Action Jackson Preview, Week 13 (BCS Scenarios)
Thanksgiving weekend has always been my favorite week of pure college football, long before I became a Golden Bear fan. The weather still has the last crisps of fall before the cold winter months set in. And the most beautiful part is that only one team (Ohio State) has secured a BCS bid. We have eleven spots up for grabs!
This week the answers start to take formation though; we might be very close to figuring out who belongs and who doesn’t, as the nightmare scenarios for a national title game for FOX start emerging out of the woodworks (West Virginia-Kansas and Ohio State-Missouri are improbable but possible scenarios). Despite the misery of the Bears, as a college football fan, I’ve really really enjoyed this season. Watching a college football team plod to 13-0 isn’t terribly fun, and seeing fantastically ridiculous scenarios like this one play out. Here are the BCS implications and predictions (and I predict all my predictions will be wrong).

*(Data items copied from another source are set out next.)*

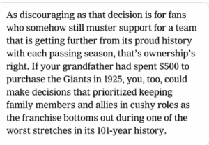 Family involvement has been a constant throughout one of the worst decades in Giant history. One would think a degree of self-awareness would emerge from the darkness. Self-reflection would prompt them to take a step back and hire competent professionals to manage the operation while they step aside.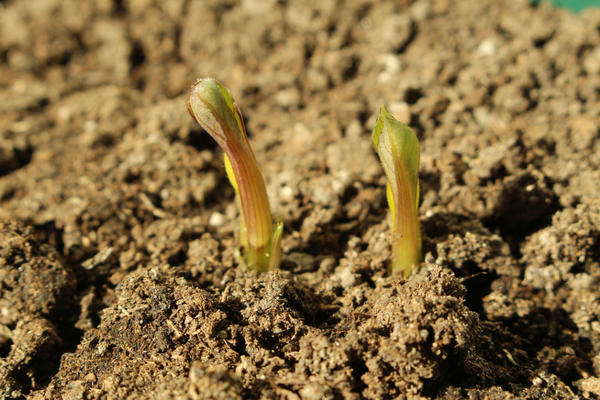 Nguyên liệu hạt giống khá lớn, đặt nó xuống đất không khó. Hạt trên cùng phải được rắc đất. Hãy chắc chắn để tưới. Tốt nhất là sử dụng súng phun. Che phủ cây trồng bằng kính từ trên cao.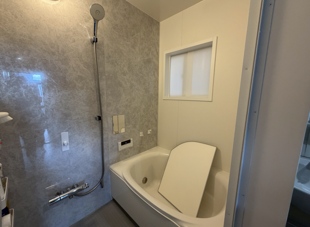 今回の施工はお風呂がメインのご依頼でした。施工を進める中で「どうせやるなら階段もやってしまおう」ということになり、ビリビリになっていた階段のクロスもあわせて張り替えさせていただきました。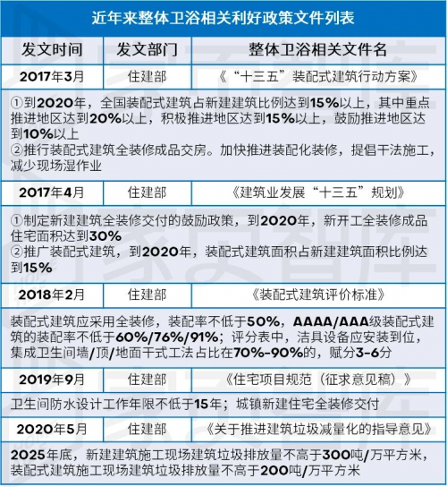 ◎裝配式建筑相關政策助力,整體衛浴行業滲透率低位提升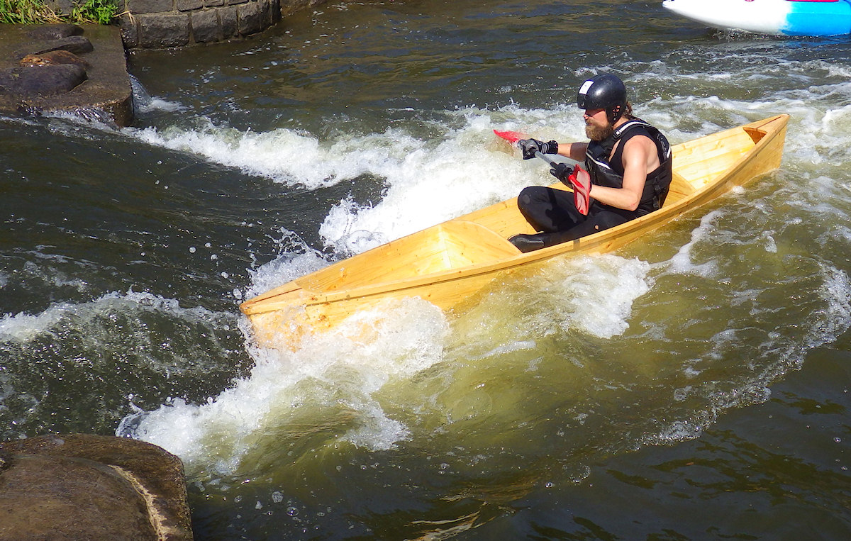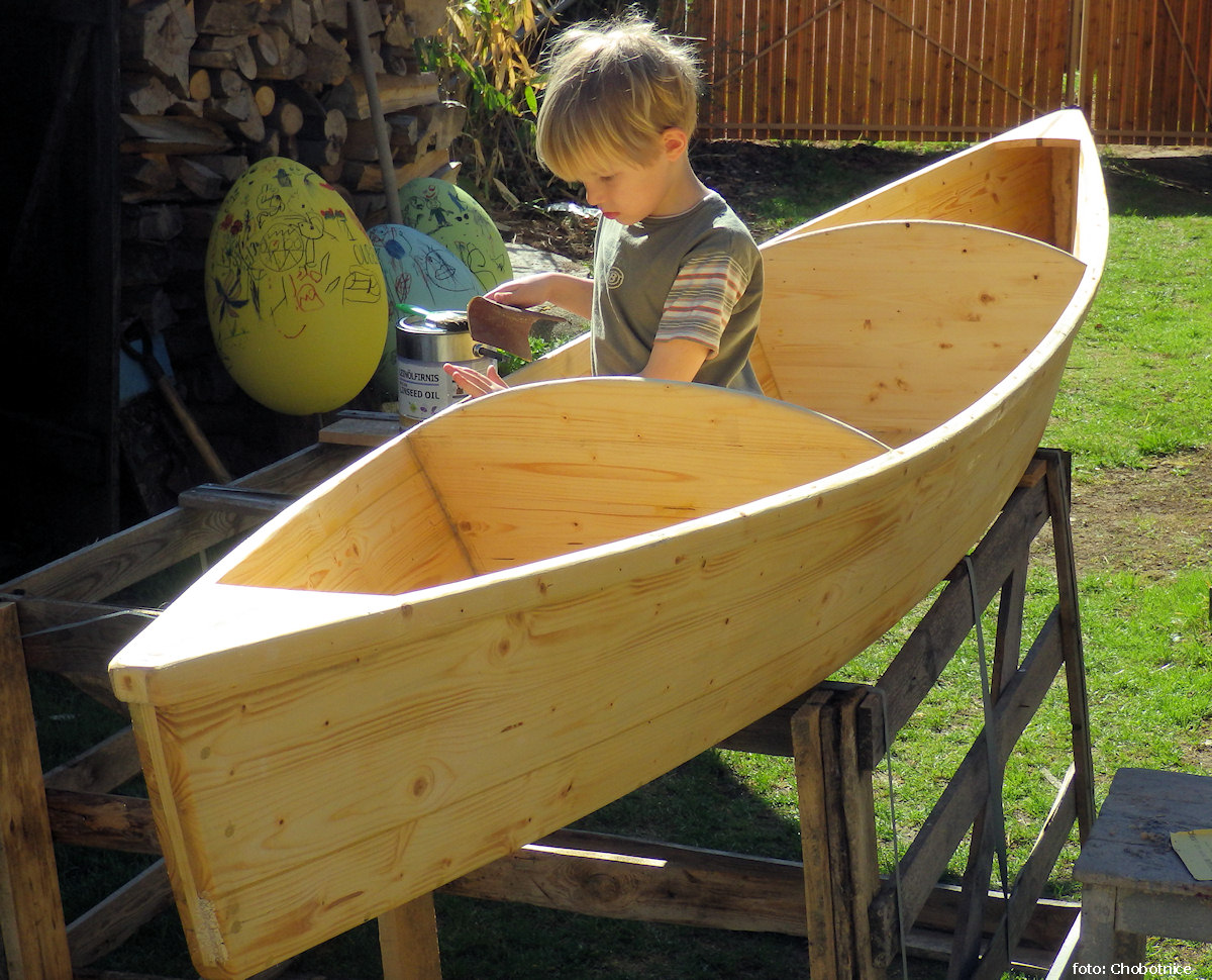 Po poslední vrstvě oleje jsem vše nechal pár dnů zaschnout a poté loď voskoval směsí včelího a karnaubského vosku s terpentýnem. Terpentýnu je potřeba dát zase pár dní čas na schnutí, pak lze povrch přeleštit a už lze vyrazit na testovací jízdu, třeba na místní rybník. Maňásek se osvědčil, neteče do něj spodem a krom zmíněných sportovních výkonů je to skvělá vodní hračka pro děti, se kterou si dokážou hrát opravdu od rána do večera. Samozřejmě pokud možno s plovací vestou a přiměřeným dohledem.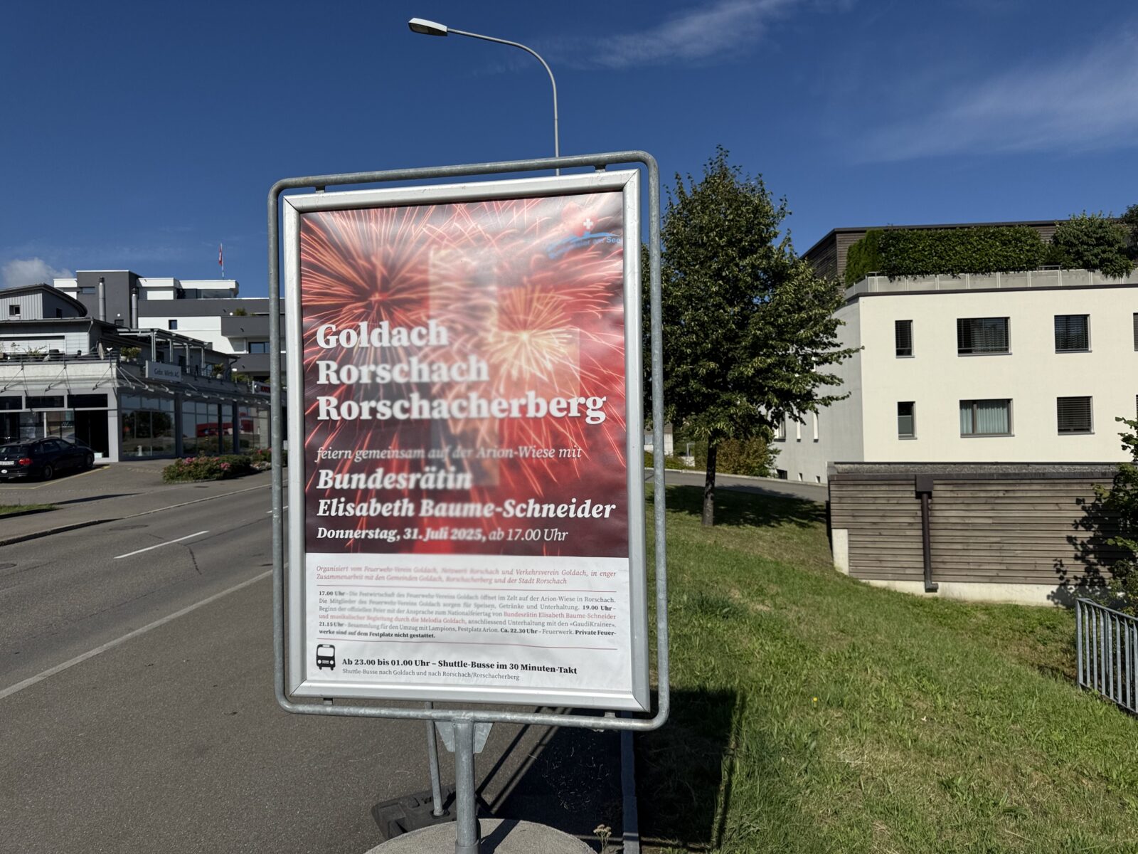 Die drei Gemeinden Rorschach, Goldach und Rorschacherberg laden kommenden Donnerstag, 31. Juli 2025, zur regionalen Bundesfeier auf der Arion-Wiese in Rorschach ein. Nach dem wetterbedingten Abbruch im letzten Jahr steht diese Ausgabe ganz im Zeichen des Neuanlaufs – mit demselben, hochkarätigen Ehrengast: Bundesrätin Elisabeth Baume-Schneider, die vor einem Jahr bereits angereist war, hält ihre spontane Zusage von damals ein und wird in diesem Jahr ihre Ansprache zum Nationalfeiertag nachholen.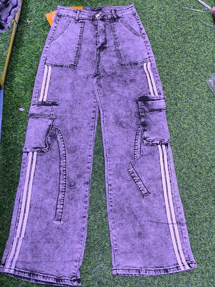 Jeans cargo taille haute pour femme, violet, avec poches latérales et détails de couture. Conçu pour un look urbain et moderne.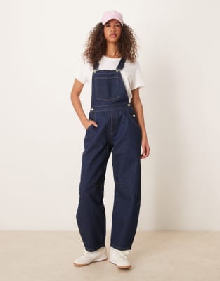 ASOS DESIGN - Denim tuinbroek met wijde ronde pijpen in indigo
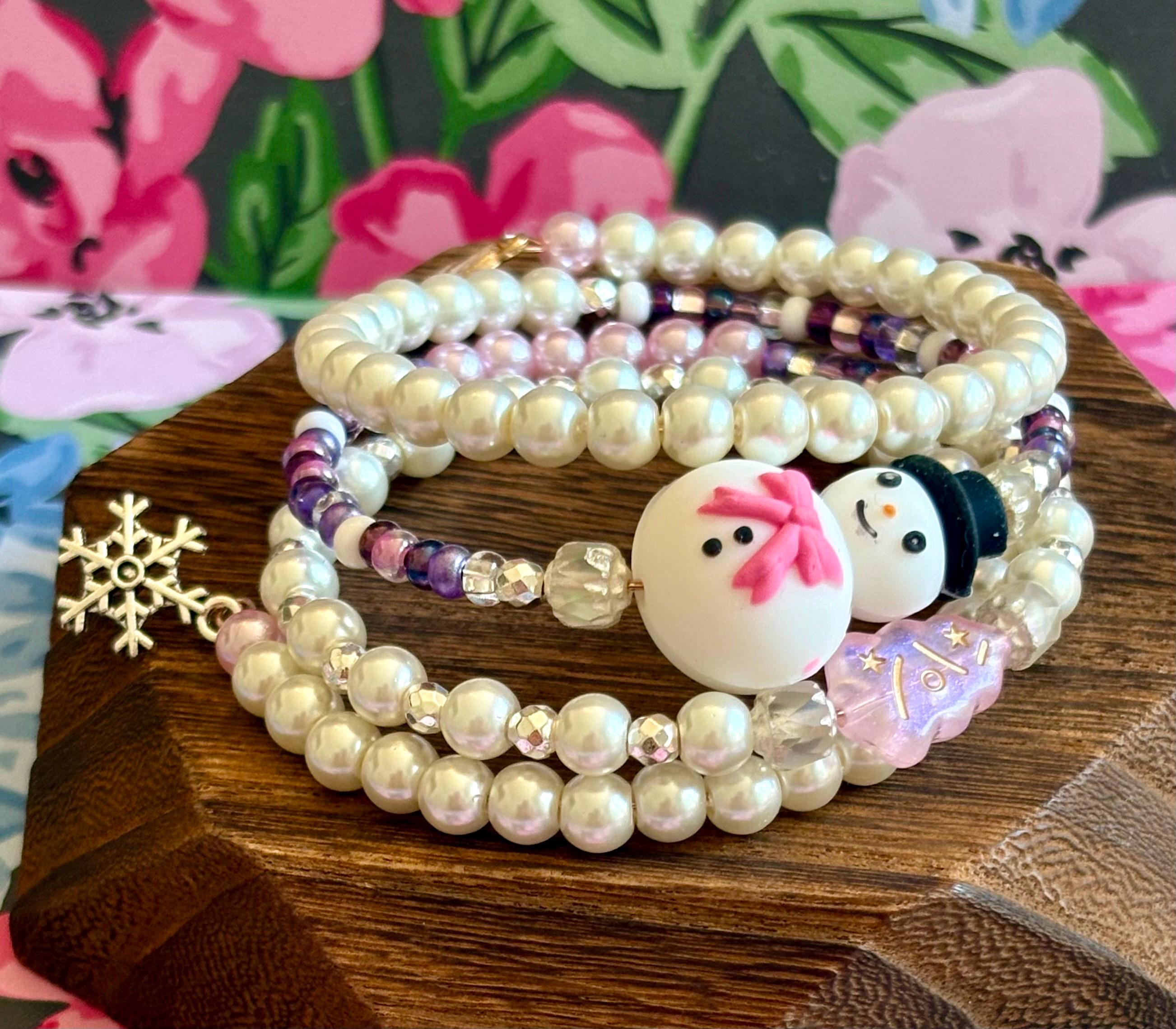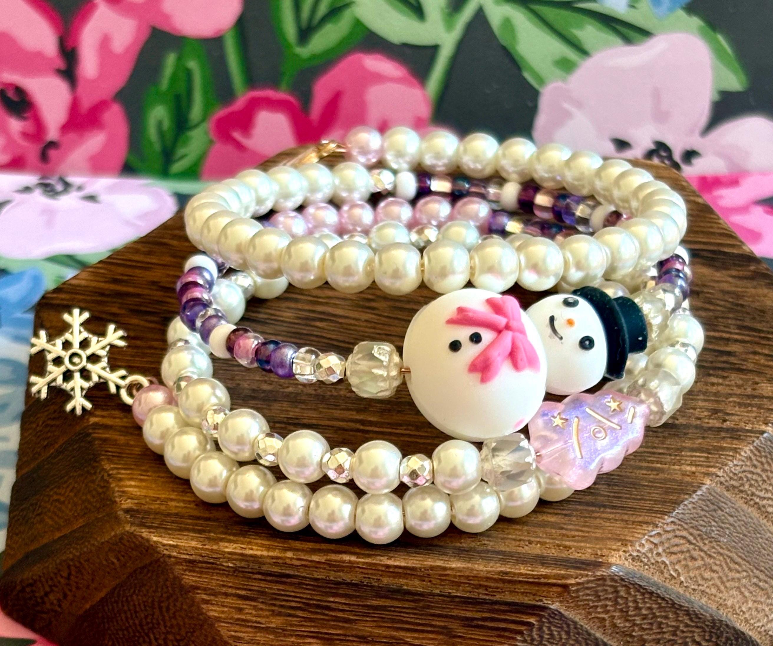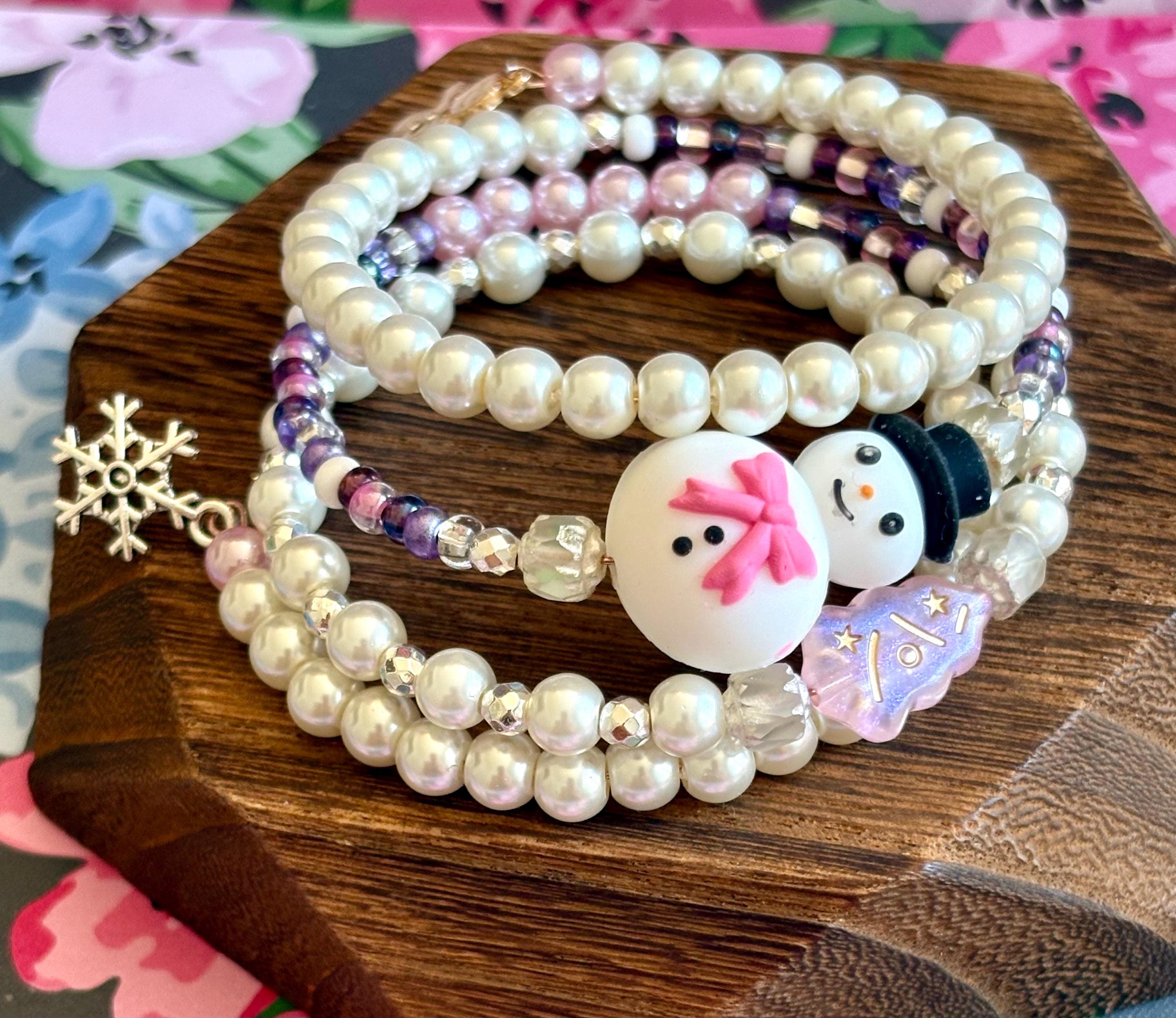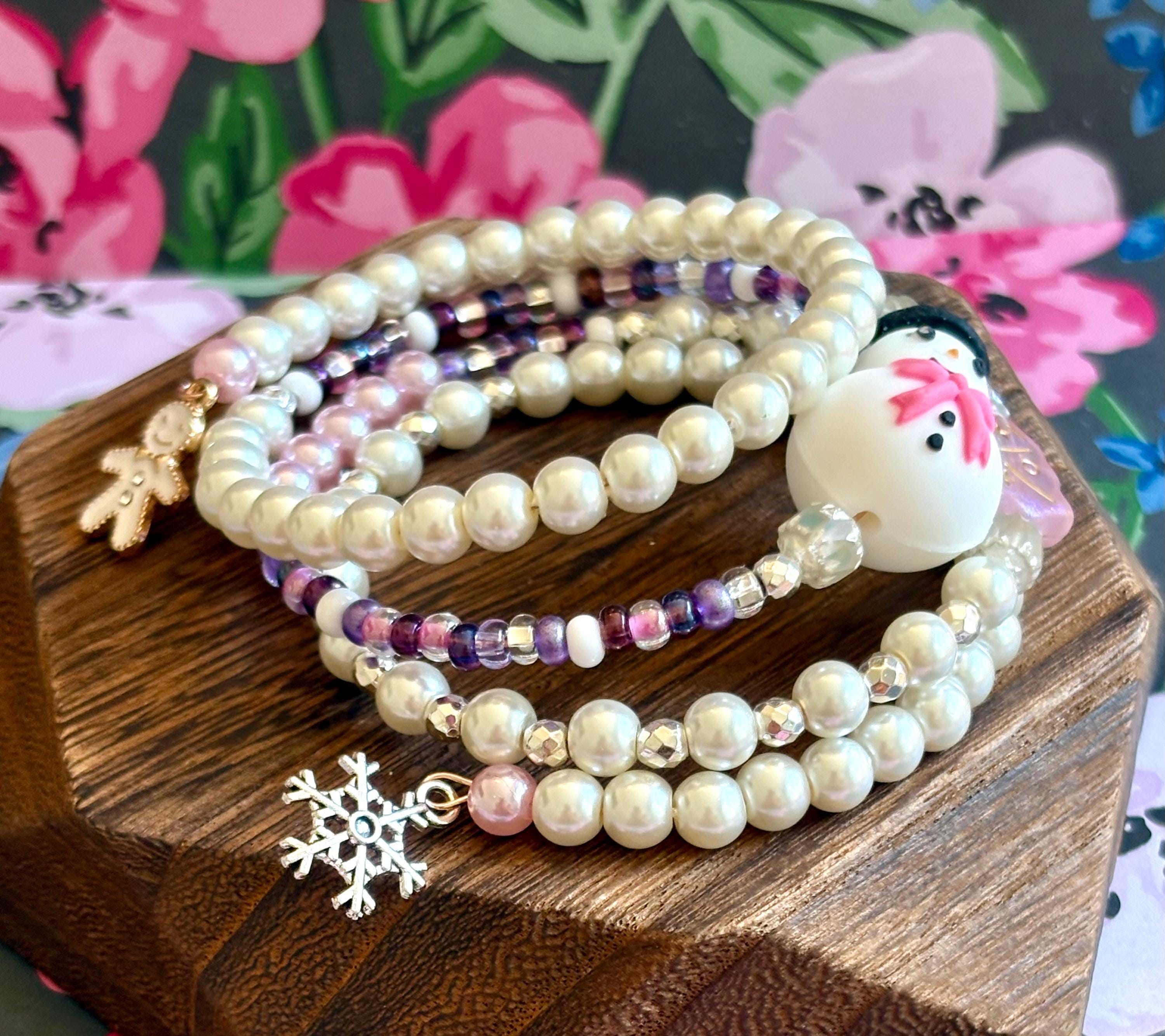 Enchanted Frosted Friends Holiday Wrap Bracelet – Snowman Beads, Metallic Pearls & Hematite Gemstones | Holiday Kissed Wrap Collection | Reiki-Infused Gift

SEC: LSU of course has the prettiest road, and can probably clinch their ticket to the Superdome (for at least the Sugar Bowl) with a win on Friday at Arkansas, and can lock up their date in the Title game by beating the SEC East champ. Tennessee controls their destiny–win out, and they’re going to the BCS party, maybe the Orange, most likely the Fiesta. Another loss sends them to a New Year’s Bowl. Georgia needs to hope Kentucky beats up the Vols to get into the SEC title game, and they have to win out and hope for some major help above them to get to the title game.
Yet even if Tennesse doesn’t make it, Georgia might be better off not getting pounded into the ground by LSU. Because, horrifyingly enough, a third loss for the Bulldogs paves the way for…
…Florida, amazingly still has a sliver of a chance at the Sugar Bowl if they beat the Seminoles, but they’re going to have to hope (1) Tennessee loses at Kentucky, (2) Georgia loses the SEC Championship game, and probably (3) Georgia loses at Georgia Tech. I can certainly see (1) or (2) happening, but (3)? Oh wait, this is the season where nothing that’s supposed to happen happens. Start Gator chomping, Swamp faithful.
BCS qualifiers: LSU (title game), Georgia (Sugar)
Big 12: Behind LSU stands the showdown of Free Mason states. Oklahoma’s fall to the Leach boys now puts the Kansas-Missouri a showdown for the title game: The winner is almost guaranteed an at-large bid–win the Big 12 Championship Game against either Oklahoma (who has to beat Oklahoma State), or Texas (needing an Oklahoma loss to leapfrog them) and get ready for New Orleans. And you know FOX has been waiting all year to pump up that Missouri-LSU national title game.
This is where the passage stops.